In retrospect, it would have been useful, for instance, to have been a lot more mature and knowledgeable when I first went to Papua New Guinea. The Australian administration, however, was looking for resilience and strong legs ahead of independent thought.
It is now sometimes embarrassing to think about what I inflicted upon those poor buggers who came within my personal and administrative purvey. Josephine Abaijah’s book is an uncomfortable reminder that our comforts and good memories came at the cost of some considerable discomfort and loss of dignity for many Papua New Guineans.
Josephine was good at wrinkling this sort of stuff out of the colonial woodwork. Of course, being Josephine, she often overdid it and exaggerated in her quest to stir the pot; she often saw shadows when they were simply not there.

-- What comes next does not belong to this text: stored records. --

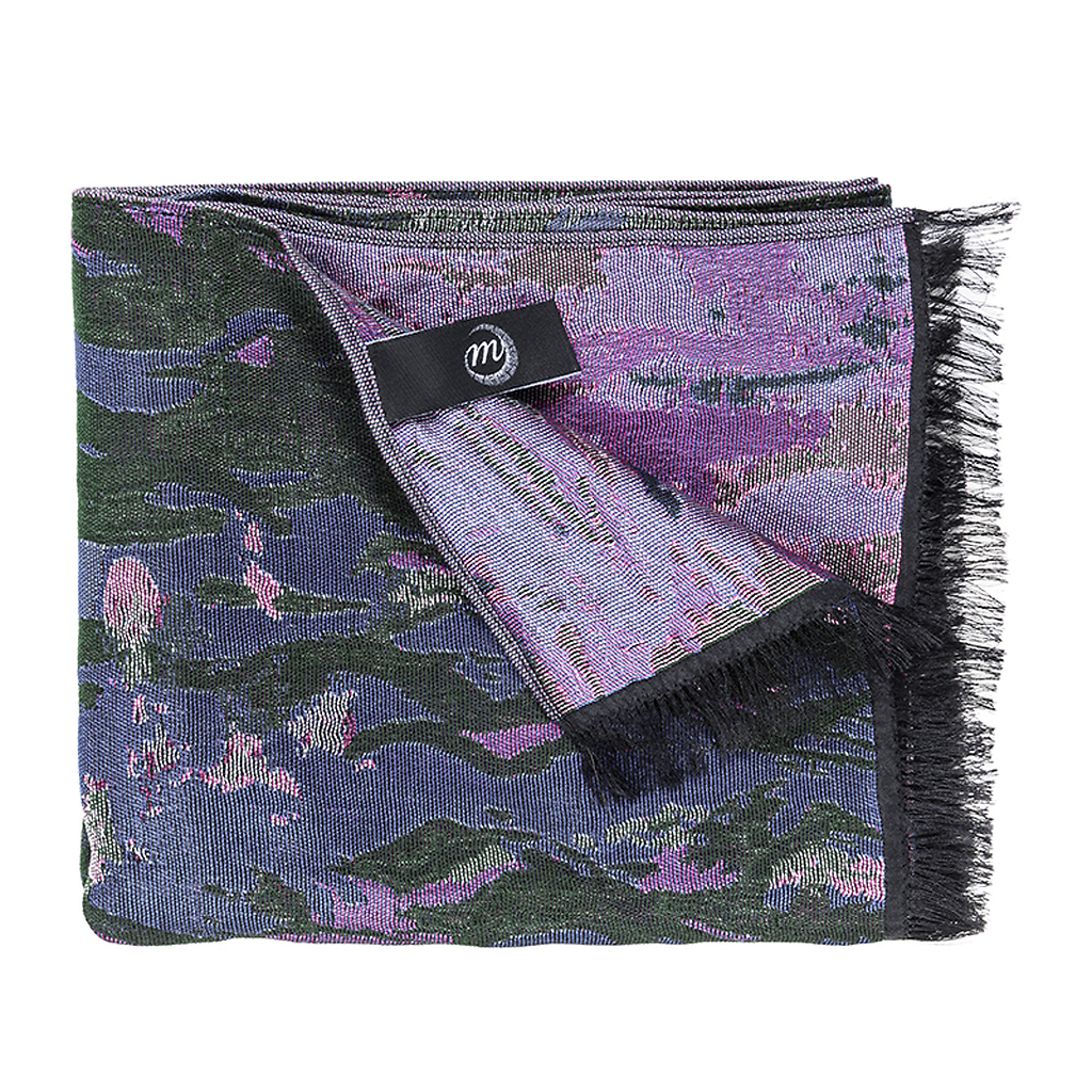 Cette étole est inspirée d'une partie de l'ensemble présenté à l'Orangerie, composition d'un paysage d'eau jalonné de nymphéas, de branches de saules, de reflets d'arbres et de nuages, « illusion d'un tout sans fin, d'une onde sans horizon et sans rivage » selon les termes...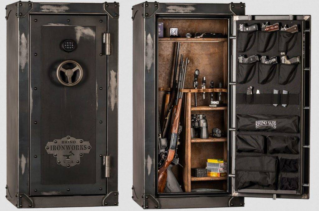 Хранилище от американского производителя Rhino Ironworks имеет оригинальный дизайн под старину, позволяющий вписываться в любой интерьер помещения. Огнестойкость и взломостойкость изделия подтверждается американскими сертификатами соответствия. Запорное устройство оснащено электроникой, замок закрыт бронированной пластиной из карбида вольфрама. При неправомерном воздействии на замок, он автоматически блокируется. Шкаф рассчитан на хранение 28 стволов массивного оружия. Корпус снаружи усилен приварными накладками, внутри отделан мягкой экозамшей, имеющей вид потертой кожи. При открытии приспособления внутри автоматически включается светодиодная подсветка. Вес 441 кг.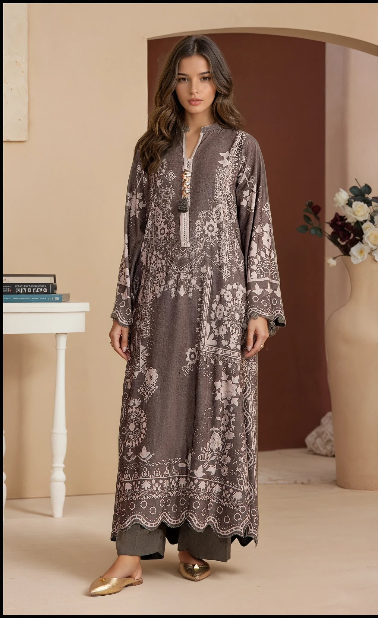 A sophisticated look showcasing a straight long kurta crafted from rich brown/taupe printed velvet. The contrasting, lighter-hued floral and motif print is balanced by a simple tassel neckline, paired with comfortable, coordinating viscose trousers.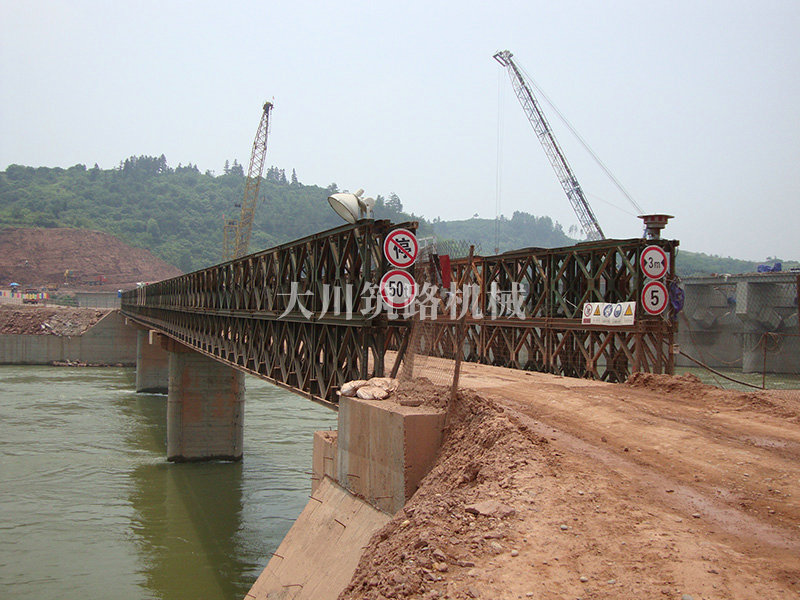 特點(diǎn):滿(mǎn)足荷載50T施工車(chē)輛的通行要求。本鋼橋安裝條件復(fù)雜,工期特別緊,我公司精心安排,合理組織,按時(shí)完成了安裝任務(wù)。采用推出吊裝法和推出法結(jié)合安裝,安裝周期23天,通過(guò)中南大學(xué)下屬專(zhuān)業(yè)檢測(cè)機(jī)構(gòu)檢測(cè)。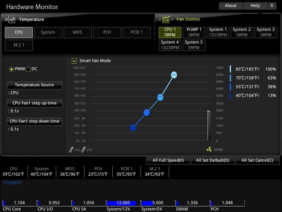 Не менее легко на лету переключается и тип управления, линейный или «умный» с подстройкой по пользовательским точкам. Если на заданной величине напряжения вентилятор не может поддерживать скорость вращения крыльчатки, то он останавливается.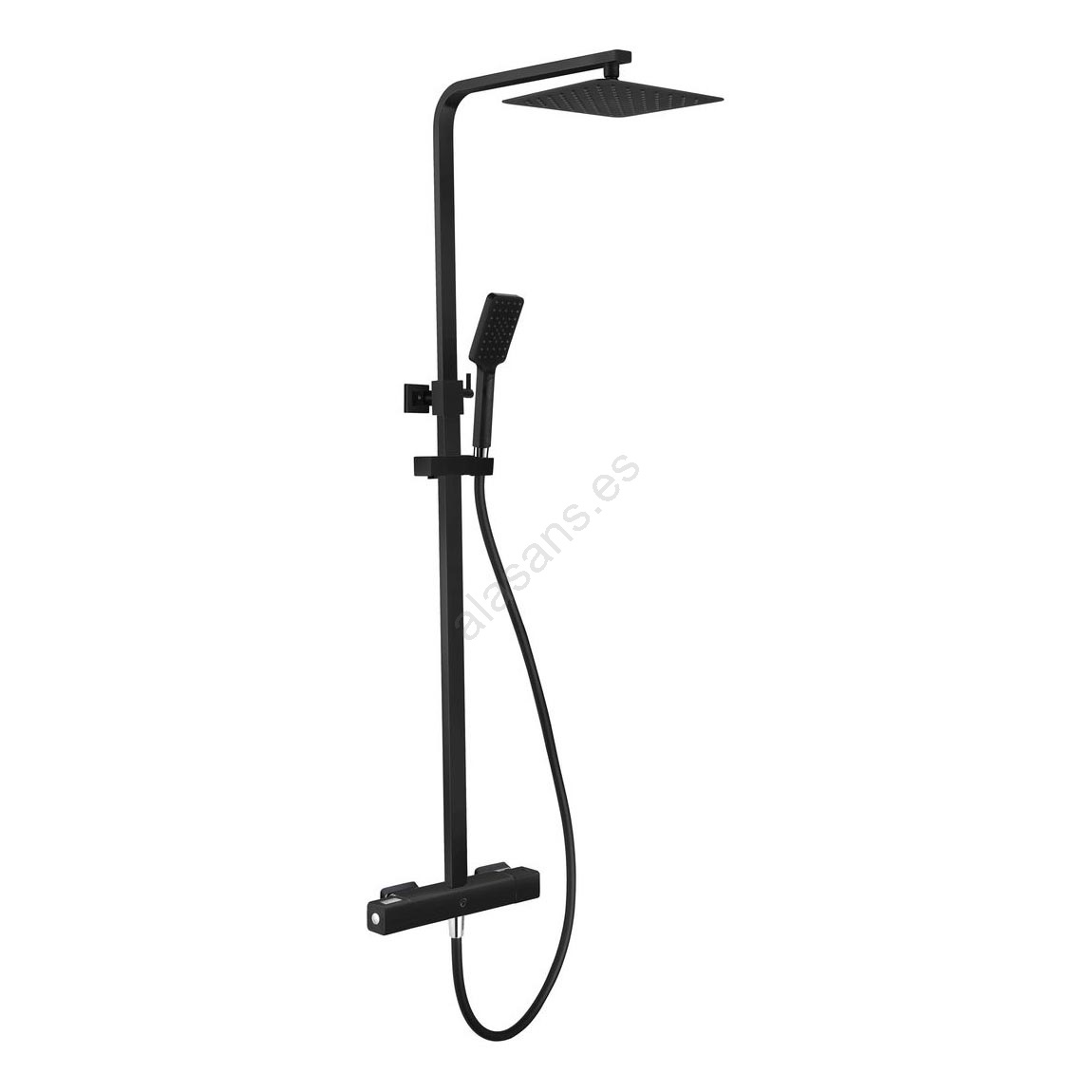 • Barra de ducha y rociador superior de acero inoxidable con acabado PVD.

Despite this unfortunate predilection, she, nevertheless, pointed out many of the absurdities and inequities of colonial rule, especially the cult of the superior and the inferior.
In those times when an Australian said “G’day” to a Papua New Guinean it was very subtly nuanced and not like the same greeting delivered to a fellow countryman.
Although the receiver might have accepted it as a bland gesture the implied message, “Listen, I’m prepared to treat you on reasonably equitable terms if you’re prepared to play the game strictly my way” is the undertone they both understood.
And, of course, that attitude hasn’t gone away; you see it in our relationship with PNG all the time, albeit toned down; now it is a more refined form of condescension. In PNG Attitude it is sometimes apparent in the knowing advice given on how to run the country, well meant but still with those old superior colonial undertones.
When I pointed some of these things out in a book a few years ago I copped some considerable flack from the elder colonials. Treating your fellow man as an equal was just not done old man. My attempt was fairly subdued; Josephine, on the other hand, was relentless and her book is no different.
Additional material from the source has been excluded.